Reproduce the whole listing below without its pictures, exactly as written.

◆ ◆ ◆ ◆

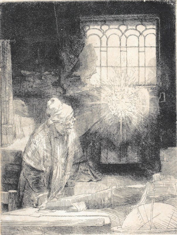 Rembrandt, “Un erudito nel suo studio”, acquaforte, 1652 circa, Le Gallerie degli Uffizi, Firenze
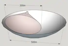 It has a novel design, using an active surface made of 4,500 panels to form a moving parabola of metal panels in real time.[5] The cabin containing the feed antenna, suspended on cables above the dish, can move automatically by using winches to steer the instrument to receive signals from different directions. It observes at wavelengths of 10 cm to 4.3 m.[6][7]
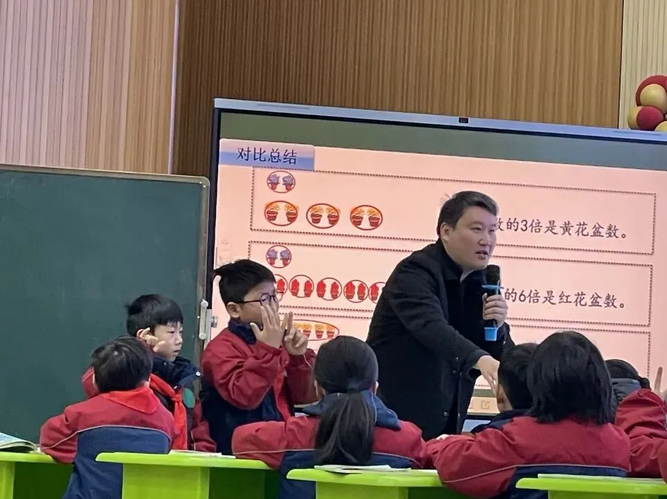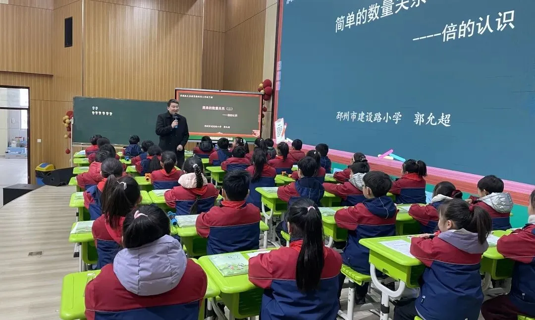 首先,邳州市建设路小学的郭允超老师执教二年级下册《简单的数量关系(二)》一课。课堂伊始,郭老师从学生的已有认知“差比”关系出发,尊重学生的起点。核心环节通过圈一圈、填一填的具象化操作,将抽象的“倍”转化为可视的“几份”,让思维可视化,打通“倍”与旧知“几个几”的内在联系,在比较中突出“标准”的价值,感受“一份与几份”的本质关系,形成“倍”的模型结构。这一过程既让学生掌握了数量关系的本质,又通过 “观察——比较——推理——归纳” 的思维链条,有效培养了逻辑推理能力与模型思想,精准落实数学核心素养目标。
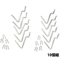 立体的な作品を吊り下げたり、油絵などの展示ができる有孔パネル専用フックです。少し重い作品の展示には安心してお使いいただけます。L型フックは額縁や他の作品を受ける受け金具としても使える点がU型フックとの違いです。安全で錆びないクロームメッキ仕様
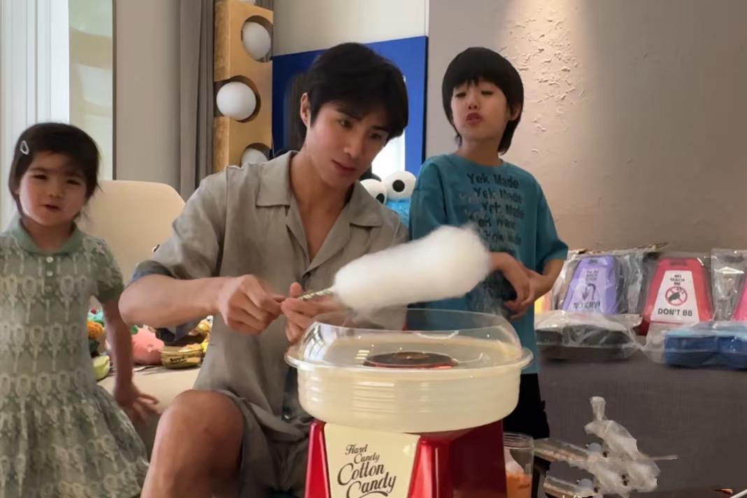 姜潮在帶娃上,也很厲害。他還會做棉花糖,看丹尼爾盯着爸爸手裏棉花糖的模樣,就知道小夥子饞的要流口水了。丹尼爾從小就很帥氣,越長大越像爸爸了。
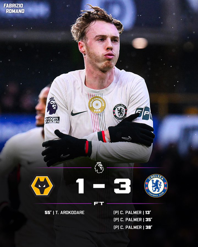 Chelsea chỉ phải gặp đội cuối bảng Wolves và tràn đầy hy vọng thắng trận thứ 4 liên tiếp ở Premier League dưới thời tân HLV Liam Rosenior. Phút 11, Doherty ngáng chân với Joao Pedro trong khu cấm địa và quả penalty được dành cho Cole Palmer, người sút chìm mở tỷ số.
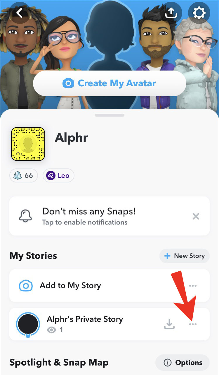 - Navigate to the private story you want to adjust and tap the “More” button beside the story’s name. The button is shaped like three dots.
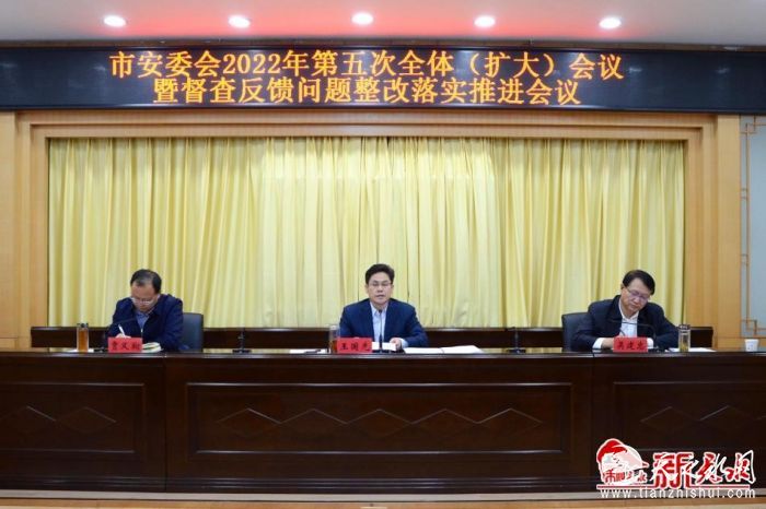 新天水讯【记者 王晓馨】9月19日,天水市委副书记、市长、市安委会主任王国先主持召开市安委会2022年第五次全体(扩大)会议暨省安委办督查反馈问题整改落实推进会议。省安全生产驻点包抓组组长、省公安厅二级巡视员吴建忠,市委常委、常务副市长贾义翔,副市长董小平、郭庆祥、胡志勇,市政府秘书长黎映广出席会议。
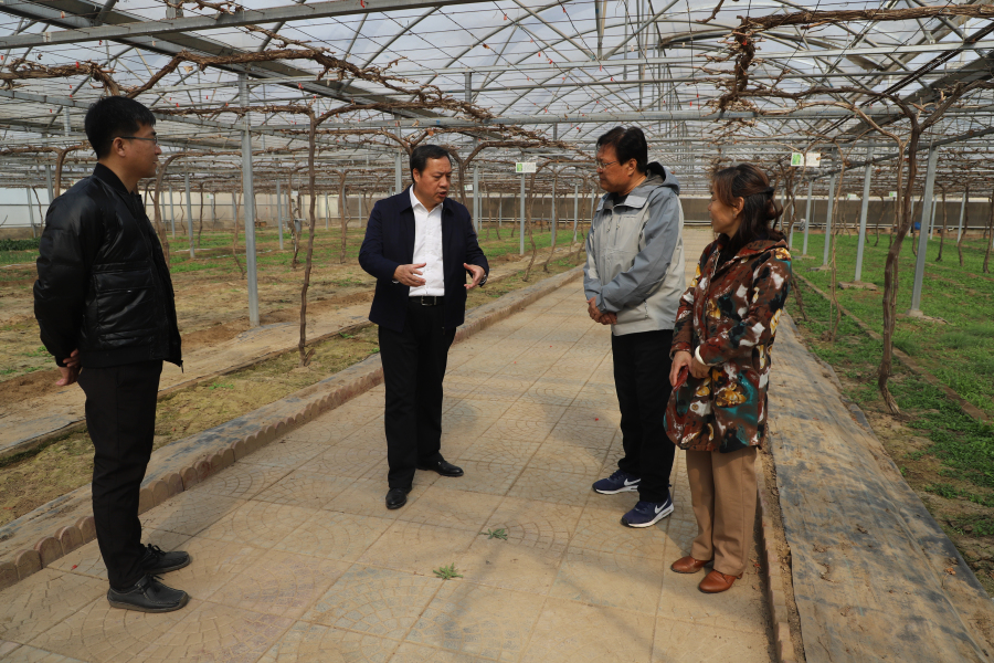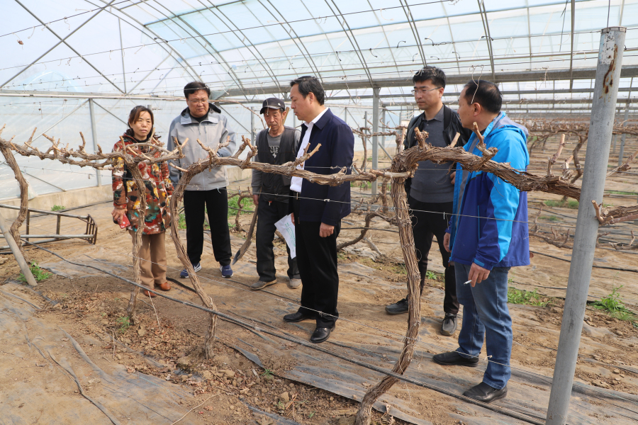 朱现军局长来到我所葡萄示范园区,现场查看了园区建设、苗木培育情况,听取了庞昭进所长关于研究所发展的介绍,褚凤杰书记汇报了葡萄研究室的科研工作,重点介绍了在成果培育、栽培技术模式等方面取得的进展。朱现军局长对研究所的工作给予了高度评价。他强调,一方面要加强品种培育和种苗繁育,积极推进成果转化,另一方面要密切省直各单位间的联系,加大对研究所培育的优良品种和技术的宣传力度,提升研究所的知名度和影响力,真正将科研成果应用到实际生产中去,为河北省乡村振兴和农业绿色高质量发展提供有力的科技支撑。

◆ ◆ ◆ ◆

▶ _Solved problem_:
 Rembrandt, “Un erudito nel suo studio”, acquaforte, 1652 circa, Le Gallerie degli Uffizi, Firenze
 It has a novel design, using an active surface made of 4,500 panels to form a moving parabola of metal panels in real time.[5] The cabin containing the feed antenna, suspended on cables above the dish, can move automatically by using winches to steer the instrument to receive signals from different directions. It observes at wavelengths of 10 cm to 4.3 m.[6][7]
 首先,邳州市建设路小学的郭允超老师执教二年级下册《简单的数量关系(二)》一课。课堂伊始,郭老师从学生的已有认知“差比”关系出发,尊重学生的起点。核心环节通过圈一圈、填一填的具象化操作,将抽象的“倍”转化为可视的“几份”,让思维可视化,打通“倍”与旧知“几个几”的内在联系,在比较中突出“标准”的价值,感受“一份与几份”的本质关系,形成“倍”的模型结构。这一过程既让学生掌握了数量关系的本质,又通过 “观察——比较——推理——归纳” 的思维链条,有效培养了逻辑推理能力与模型思想,精准落实数学核心素养目标。
 立体的な作品を吊り下げたり、油絵などの展示ができる有孔パネル専用フックです。少し重い作品の展示には安心してお使いいただけます。L型フックは額縁や他の作品を受ける受け金具としても使える点がU型フックとの違いです。安全で錆びないクロームメッキ仕様
 姜潮在帶娃上,也很厲害。他還會做棉花糖,看丹尼爾盯着爸爸手裏棉花糖的模樣,就知道小夥子饞的要流口水了。丹尼爾從小就很帥氣,越長大越像爸爸了。
 Chelsea chỉ phải gặp đội cuối bảng Wolves và tràn đầy hy vọng thắng trận thứ 4 liên tiếp ở Premier League dưới thời tân HLV Liam Rosenior. Phút 11, Doherty ngáng chân với Joao Pedro trong khu cấm địa và quả penalty được dành cho Cole Palmer, người sút chìm mở tỷ số.
 - Navigate to the private story you want to adjust and tap the “More” button beside the story’s name. The button is shaped like three dots.
 新天水讯【记者 王晓馨】9月19日,天水市委副书记、市长、市安委会主任王国先主持召开市安委会2022年第五次全体(扩大)会议暨省安委办督查反馈问题整改落实推进会议。省安全生产驻点包抓组组长、省公安厅二级巡视员吴建忠,市委常委、常务副市长贾义翔,副市长董小平、郭庆祥、胡志勇,市政府秘书长黎映广出席会议。
 朱现军局长来到我所葡萄示范园区,现场查看了园区建设、苗木培育情况,听取了庞昭进所长关于研究所发展的介绍,褚凤杰书记汇报了葡萄研究室的科研工作,重点介绍了在成果培育、栽培技术模式等方面取得的进展。朱现军局长对研究所的工作给予了高度评价。他强调,一方面要加强品种培育和种苗繁育,积极推进成果转化,另一方面要密切省直各单位间的联系,加大对研究所培育的优良品种和技术的宣传力度,提升研究所的知名度和影响力,真正将科研成果应用到实际生产中去,为河北省乡村振兴和农业绿色高质量发展提供有力的科技支撑。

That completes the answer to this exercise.